Processing current FM transmissions is slightly more complex, not because of the basic decoding of the signal, which amounts to computing the phase difference of successive samples, but because the raw decoded signal contains an L+R component, a pilot signal, an L-R component and a digital RDS signal. Since for extracting the L-R signal and the RDS signal the pilot is required one needs to implement some DSP algorithms.
Processing digital modes is - again - slightly more complex, usually
an OFDM technique is used. A signal, consisting of the aforementioned
1536 or 256 carriers with the data modulated on it,
is fed into an inverse FFT processor, and after some additions
to ease the decoding of the signal later on, fed through a DA converter
and amplified, shifted in frequency and send to (through) an antenan.
The picture shows the steps in an transmission based on OFDM.
It shows that on the receiver side the process is reversed, the analog signal
is converted into a stream of bits using an AD converter, using an FFT
processor these bits are then converted into someething that
is then eventually transformed into data for audio.
As a rule of thumb, decoding samples from a - digitized - analog AM signal
takes a couples to - at most - a couple of dozens lines of code,
decoding samples from a analog FM stereo signal takes a couple of hundred
lines of code, and decoding samples from an analog DAB signal
takes a few thousand lines of code.
Experience shows that most of the code is in other things, GUI's and controls.
In my DAB software app 70 percent of the code is not (directly) related
to the transformation of the incoming samplestream to the outgoing audio (sample) stream.
As mentioned, in the late 50-ies and 60-ies - my teener years - DIY "radio" was really "in", there were magazines with schemes and building instructions for radios (and of course amplifiers and even TV's) and it was really fun (it actually still is) seeing the glowing of the tubes and hearing the soft hissing and noise when switching on a newly built (variant of the) radio.
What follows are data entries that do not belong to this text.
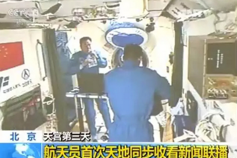 2016年10月21日晚上,中央电视台《新闻联播》首次在太空播出,景海鹏、陈冬两名航天员在“天宫二号”实验舱内,首次天地同步收看到了《新闻联播》节目。
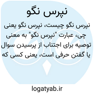 عبارت "نپرس نگو" به معنی توصیه برای اجتناب از پرسیدن سوال یا گفتن حرفی است، یعنی کسی که میخواهد از صحبت یا کنجکاوی جلوگیری کند این عبارت را به کار میبرد. معمولاً به صورت اصطلاحی برای نشان دادن سکوت یا جلوگیری از پیشامد نامطلوب استفاده میشود.
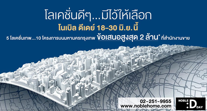 นายกิตติ ธนากิจอำนวย ประธานเจ้าหน้าที่บริหาร บริษัท โนเบิล ดีเวลลอปเมนท์ จำกัด (มหาชน) เปิดเผยว่า ปัจจุบันแม้ภาวะเศรษฐกิจไทยโดยเฉพาะภาคอสังหาฯ ในตอนนี้ดูไม่คึกคักมากนัก แต่คาดว่าในช่วงครึ่งปีหลังยังมีปัจจัยให้น่าลุ้นอยู่บ้าง ไม่ว่าจะเป็นเรื่องการทรงตัวของอัตราดอกเบี้ยที่ยังคงอยู่ในระดับต่ำ ก็คาดการณ์ว่าน่าจะสามารถทำให้ภาคอสังหาฯดีดตัวขึ้นมาได้ ดังนั้นบริษัท ฯ จึงได้จัดงาน "โนเบิล ดีเดย์" (NOBLE D:DAY) พร้อมส่งโปรฯสุดพิเศษเพื่อกระตุ้นยอดขายกลางปีรองรับความต้องการของกลุ่มครอบครัวใหม่และคนที่กำลังมองหาที่พักอาศัยเพื่อการใช้ชีวิตเมืองหรือเก็บไว้เป็นทรัพย์สินในระยะยาว โดยโครงการที่นำมาร่วมแคมเปญในครั้งนี้ คัดสรรโครงการพร้อมอยู่และโครงการติดสถานีรถไฟฟ้าที่ตั้งอยู่บนทำเลที่ดีที่สุดมานำเสนอให้กับผู้ที่ต้องการหาที่อยู่อาศัยบนทำเลศักยภาพเยี่ยมกับ 10 โครงการคุณภาพ ในราคาเริ่มต้นตั้งแต่ 3.8 ล้านบาท อาทิ
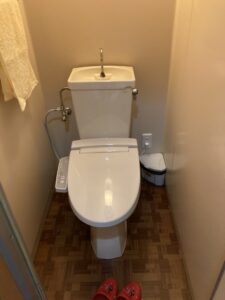脱衣所には棚と洗面台、ベビーベッドがありました。
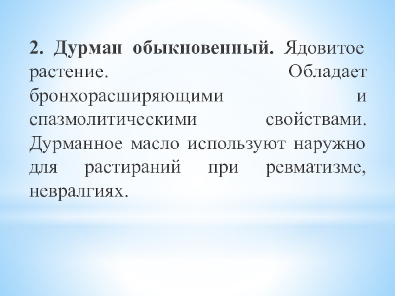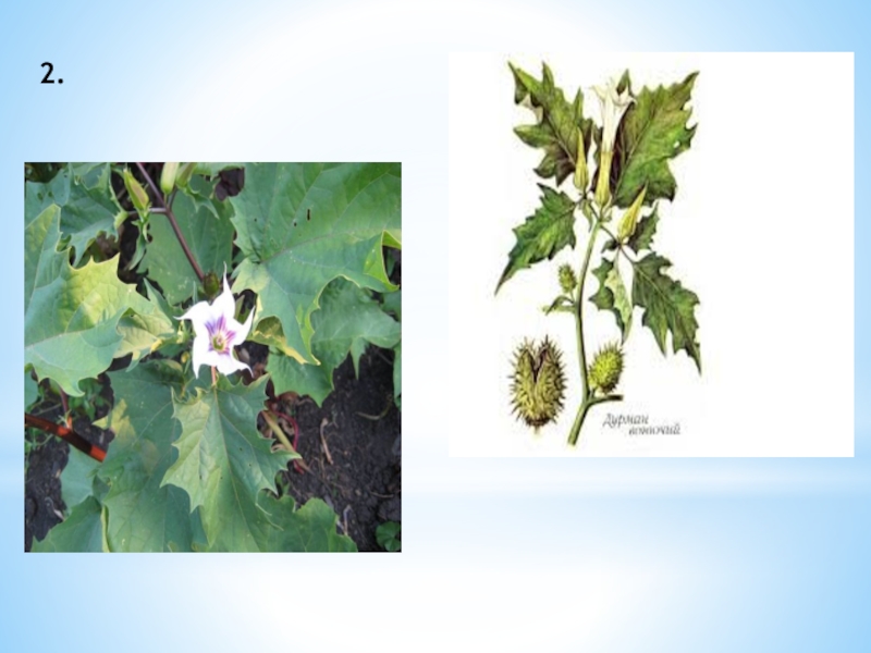Слайд 232. Дурман обыкновенный. Ядовитое растение. Обладает бронхорасширяющими и спазмолитическими свойствами. Дурманное
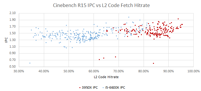 Instruction fetch latency can be a problem if we get a lot of L1i misses. But the correlation here looks weak too, with a curious V-like pattern where portions of the benchmark with lower L1i hitrate actually get better IPC. Plotting L1i misses per instruction instead of hitrate doesn’t change the picture much. We don’t see instruction cache misses strongly affect IPC until L2 is missed as well (as discussed above). Perhaps both CPUs have deep enough frontend queues to absorb the latency of a L2 hit.
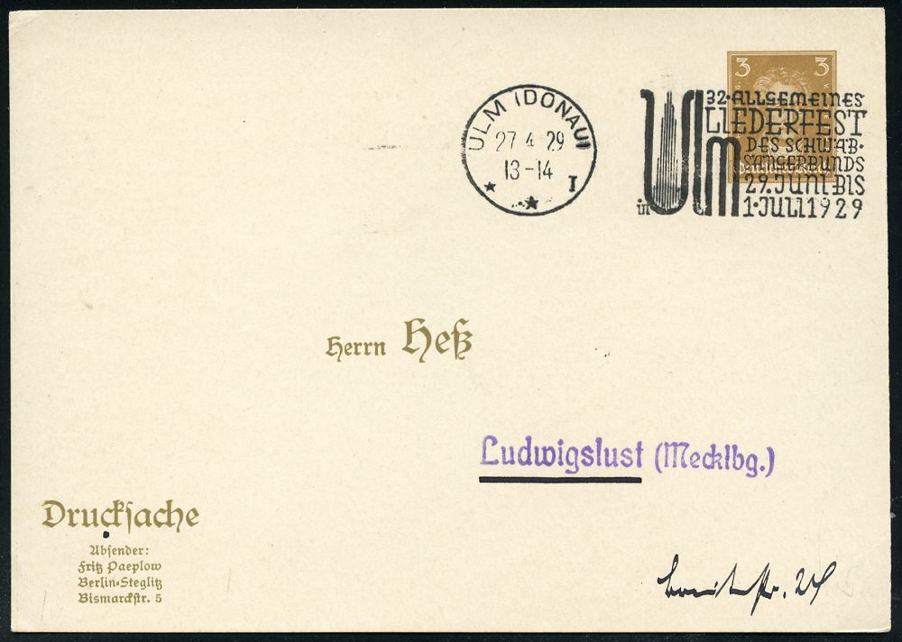 5860 | 18 € | 7900 ULM : ULM (DONAU)/ **I/ 32.ALLGEMEINES/ LIEDERFEST/ DES SCHWÄB./ SÄNGERBUNDES 1929 (27.4.) MWSt (gr. "U" m. Münster-Turm) auf PP 3 Pf. Goethe, braun (Heß, Mi.PP 97/B 6-027) Inl.-Karte (Bo.5 B I) | ![]() | |
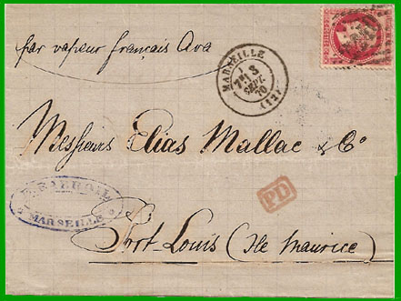 janvier 1866 Affranchissement à 80 c. Cette lettre a été postée le 3 septembre 1870 à Marseille, où elle a embarqué le 4 sur le paquebot "Ava" de la ligne N (Marseille à Hong-Kong) jusqu'à l'escale d'Aden. Puis elle a été acheminée le 17 septembre par le paquebot "Danube" de la ligne T (Aden à La Réunion et Maurice). Elle est arrivée à Port-Louis le 1er octobre 1870. |
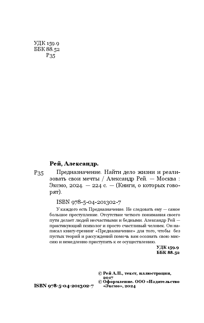 У каждого есть Предназначение. Не следовать ему – самое большое преступление. Отсутствие четкого понимания своего пути делает людей несчастными и бедными. Александр Рей – практикующий психолог и просто счастливый человек.
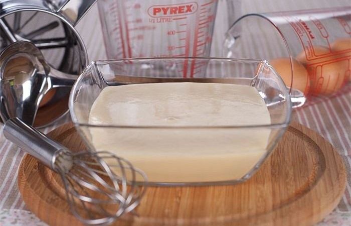 2Яйца смешиваем с сахаром и молоком. Постепенно добавляем муку с разрыхлителем. Размешиваем все с помощью блендера до получения однородной массы.

After being retired, rather than heating my soldering iron, I started with simple forms of digital signal processing. While starting with data transfer between equipment and computer using a sound card, the fun really started after obtaining (very) decent equipment that is capable of (a) being tuned to a frequency between a few KHz and up to a few GHz, and (b) send IQ samples with higher rates to the computer,
Some of the resulting software is described in this website, DRM and DAB decoding is - I believe - sufficiently interesting, as are the plugins I wrote for SDRuno, the software environment for playing with SDRplay devices.